Abstract
As biomarkers have grown in importance throughout the pharma R&D cycle, managers have moved from informal, intuitive ways of dealing with biomarker discovery and implementation to more formal procedures. In all pharmaceutical companies, standard operating procedures (SOPs) for planning, implementing, and employing biomarkers remain a work in progress, continually evolving as still-scarce outcomes data from biomarker-driven programs becomes available.

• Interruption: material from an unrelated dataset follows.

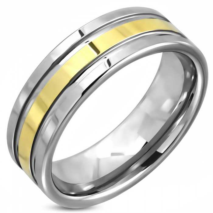 Herren-Ehering mit Wolframcarbid und vergoldetem Band

Based on extensive interviews with senior managers and thought leaders, Biomarker SOPs: Getting Optimum Value from Your Biomarker Programs addresses four primary elements in planning and deploying biomarkers:
- Strategic planning for biomarkers in discovery and development
- Tactical planning for the implementation of biomarkers in R&D programs
- Organizational structures for biomarker implementation
- Approaches to risk/cost-benefit analysis of biomarker programs
For instance, strategic planning for biomarkers attempts to address issues such as whether a clinical measurement will suffice, whether an existing validated biomarker can do the job, or whether a biomarker must be discovered and a method for its measurement must be developed and validated. Although big pharma companies differ in the methods and timing for biomarker strategic planning, they generally start planning very early in the discovery process. In some cases, planning and implementation for efficacy-related biomarkers begin before a final disease target has been determined. Since getting a new biomarker on-line can take a year or more, planning for biomarkers to be used in early development needs to begin as soon as strategic issues can be clarified.
Biomarker SOPs: Getting Optimum Value from Your Biomarker Programs delivers the following value-added insight and analysis into biomarker planning:
- A survey of 33 senior managers involved in biomarker discovery, development, and application at pharmaceutical and biotech companies. The survey reveals in easy-to-scan charts their practices, plans and views about various aspects of biomarker planning and implementation.
- An analysis of 3 basic organizational models for pursuing biomarkers: The Explicit Model, the Implicit Model, and the Hybrid Model. The report illustrates each model with detailed examples from industry.
- The decision process for developing biomarkers in-house or through outsourcing, with examples and case studies from industry.
- A full examination of each element in a tactical biomarker plan, including: the means for biomarker acquisition (if possible), biomarker discovery (if necessary), method development, and biomarker validation. In particular, the report describes the "fit-for-purpose" concept of biomarker validation.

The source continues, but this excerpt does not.